Rechtzeitig kommen: Murmeltierbauten gibt es hier dicht an dicht. Man muss also rechtzeitig dran sein, um Murmeltiere zu finden, die ihre Tagesration nicht längst im Magen haben. Wer es erst am späten Vormittag hierher schafft, wird vermutlich Pech haben: Leere Erdnussschalen säumen dann die Umgebung der Bauten. Selbst in den Bauten liegen ungefressene Nüsse. Murmeltiere verbringen 90 Prozent ihres Lebens im Bau und verlassen ihn fast nur zum Fressen und Sonnenbaden. Allein schon, um nicht den Hauptfeinden Fuchs oder Steinadler zum Opfer zu fallen. Wer vollgefressen ist, bleibt drin. Nur das dominante Männchen muss regelmässig auf Patrouillengang und sein Revier mit Sekret aus den Wangendrüsen markieren.

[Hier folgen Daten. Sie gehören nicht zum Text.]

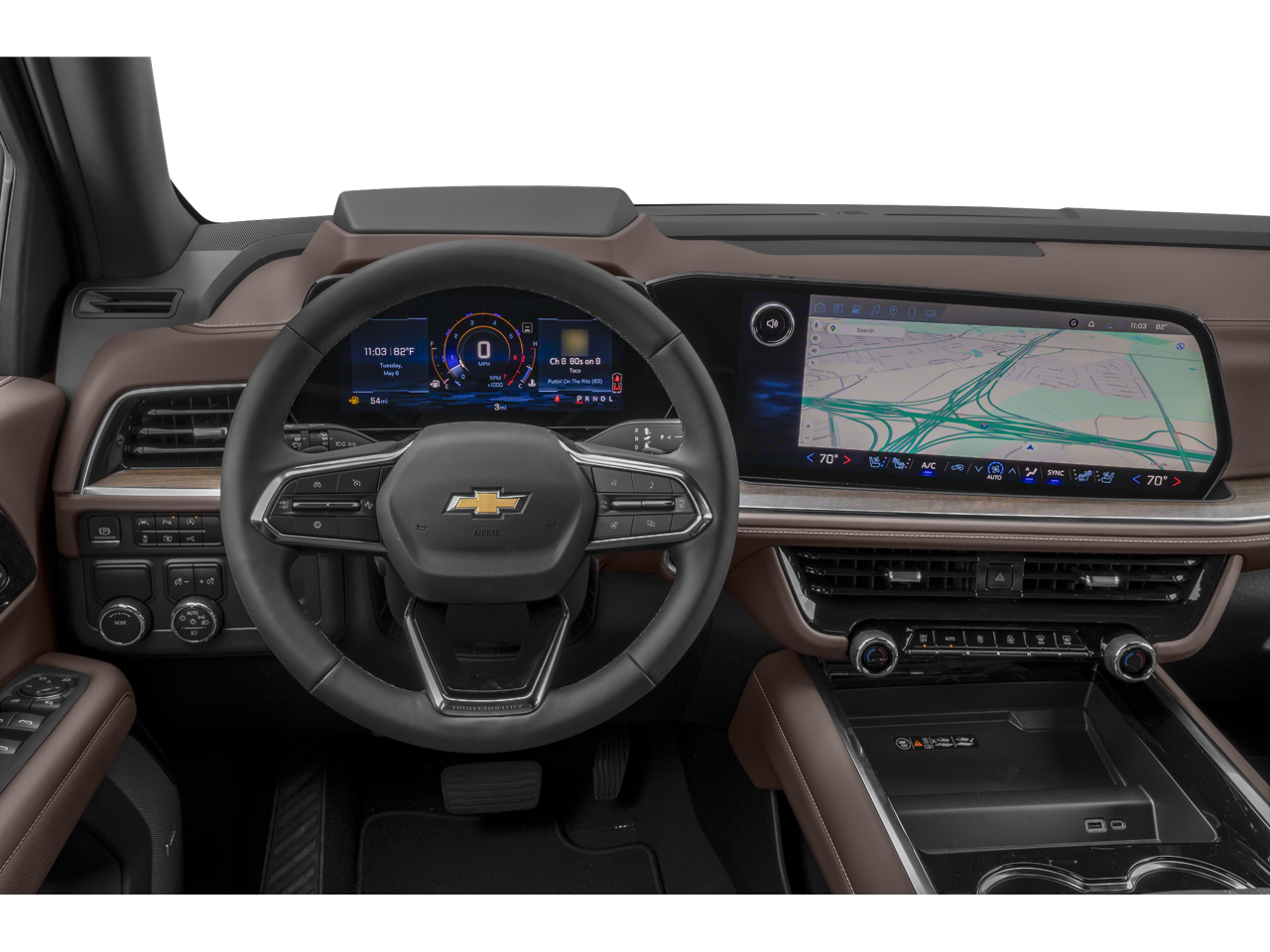 6.2L V8 Engine, Adaptive Air Suspension, EMISSIONS, COLORADO, CONNECTICUT, DELAWARE, MAINE, MARYLAND, MASSACHUSETTS, MINNESOTA, NEVADA, NEW JERSEY, NEW YORK, OREGON, PENNSYLVANIA, RHODE ISLAND, VERMONT, VIRGINIA AND WASHINGTON STATE REQUIREMENTS, ENGINE, 6.2L ECOTEC3 V8, Fixed Running Boards, Heads-Up Display, HIGH COUNTRY PREFERRED EQUIPMENT GROUP, JET BLACK/MOCHA, PERFORATED LEATHER SEATING SURFACES, LAKESHORE BLUE METALLIC, LICENSE PLATE FRONT MOUNTING PACKAGE, LPO, ALL-WEATHER FLOOR LINERS, 1ST AND 2ND ROWS, LPO, WHEEL LOCKS, SET OF 4, Magnetic Ride Control, Max Trailering Pkg., Panoramic Power Sunroof, REAR AXLE, 3.23 RATIO, Rear Bucket Seats, TIRES, 275/50R22SL ALL-SEASON, BLACKWALL, Univ Garage Door Opener, 4-wheel drive,Remote start,Cargo management system,Trailer sway control,Glass, acoustic, laminated,Defogger, rear-window electric,Visors, driver and front passenger illuminated vanity mirrors, sliding,Steering column, power tilt and telescopic,Floor covering, color-keyed carpeting,Seat adjuster, driver 8-way power,Suspension, front coil-over-shock with stabilizer bar,Suspension, rear multi-link with coil springs,Lighting, interior with dome light, driver- and passenger-side door switch with delayed entry feature, cargo lights, door handle or Remote Keyless Entry-activated illuminated entry and map lights in front and second seat positions,Tire carrier, lockable outside spare, winch-type mounted under frame at rear,Universal Home Remote includes garage door opener, programmable,Cooling, auxiliary transmission oil cooler, heavy-duty air-to-oil,Seat adjuster, front passenger 8-way power,Seat adjuster, driver 4-way power lumbar,Seat adjuster, front passenger 4-way power lumbar,Hill start assist,Windshield, solar absorbing,Mechanical jack with tools,Glass, deep-tinted (all windows, except light-tinted glass on windshield and driver- and front passenger-side glass),Rear axle, 3.23 ratio,Safety Alert Seat,Door handles, chrome with body-color strip,Keyless start, push button,Mirror caps, body-color,Glass, windshield shade band,Automatic Stop/Start,Rear seat reminder,Seats, heated second row outboard seats,Door locks, rear child security, manual,IntelliBeam, automatic high beam on/off,Seats, third row 60/40 split-bench, power folding,Rear Camera Washer,Airbags, Frontal airbags for driver and front outboard passenger; Seat-mounted side-impact airbags for driver and front outboard passenger; Driver inboard seat-mounted side-impact airbag; Head-curtain airbags for all rows in outboard seating positions (Always use seat belts and child restraints. Chi,Front outboard Passenger Sensing System for frontal outboard passenger airbag (Always use seat belts and child restraints. Children are safer when properly secured in a rear seat in the appropriate child restraint. See the Owner's Manual for more information.),Brakes, 4-wheel antilock, 4-wheel disc with DURALIFE rotors,Reverse Automatic Braking,Chevrolet Connected Access capable (Subject to terms. See onstar.com or dealer for details.),LATCH System (Lower Anchors and Tethers for CHildren), for child restraint seats lower anchors and top tethers located in all second-row seating positions, top tethers located in third row seating positions,Rear Pedestrian Alert,Teen Driver a configurable feature that lets you activate customizable vehicle settings associated with a key fob, to help encourage safe driving behavior. It can limit certain available vehicle features, and it prevents certain safety systems from being turned off. An in-vehicle report card gives y,Engine air filtration monitor,Differential, mechanical limited-slip,Engine control, stop/start system disable button, non-latching,Trailering equipment includes trailering hitch platform, 7-wire harness with independent fused trailering circuits mated to a 7-way connector and 2" trailering receiver,Hitch Guidance,Fascia, front,Mirrors, outside heated power-adjustable, power-folding, driver-side auto-dimming integrated turn signal indicators and puddle lighting,Audio system feature, Bose 10-speaker Surround with CenterPoint,Electronic Precision Shift,Assist handles, overhead, driver and front passenger, located in headliner,Tire Pressure Monitoring System auto learn, includes Tire Fill Alert (does not apply to spare tire),Warning tones headlamp on, driver and right-front passenger seat belt unfasten and turn signal on,Engine, 6.2L EcoTec3 V8 with Dynamic Fuel Management, Direct Injection and Variable Valve Timing, includes aluminum block construction (420 hp [313 kW] @ 5600 rpm, 460 lb-ft of torque [624 Nm] @ 4100 rpm),Exhaust, dual system with dual twin polished stainless-steel tips,Fog lamps, front LED,Rear Cross Traffic Braking

Nicht scheu: Man kann auch einfach einige Hügel weiter gehen. Die Zahl der Besucher, die sich ihren Weg durch die Alpenrosen suchen, nimmt schnell ab. Und damit auch die Menge der Erdnussschalen. Hier oben sind nicht die hochalpinen Wanderer unterwegs, sondern eher gemütlichkeitsliebende Spaziergänger, die Sonne und Aussicht in der Nähe der Gondelbahn geniessen wollen. Ist man erst einmal weit genug abseits der Hauptroute, heisst es Geduld haben. Die Murmeltiere sind hier schon lange nicht mehr scheu. Wer sich lange genug ruhig verhält, kann das Glück haben, dass das Tier nicht nur die als Lockspur ausgelegten Nüsse und Rüeblistücke in sich hinein nagt, sondern bald sogar aus der Hand frisst. Trotz der eindrücklichen Nagezähne sind die Murmelis dabei ganz sanft und nehmen die Nuss sogar zart aus der Handfläche entgegen. Und ja, das fühlt sich ganz wunderbar an.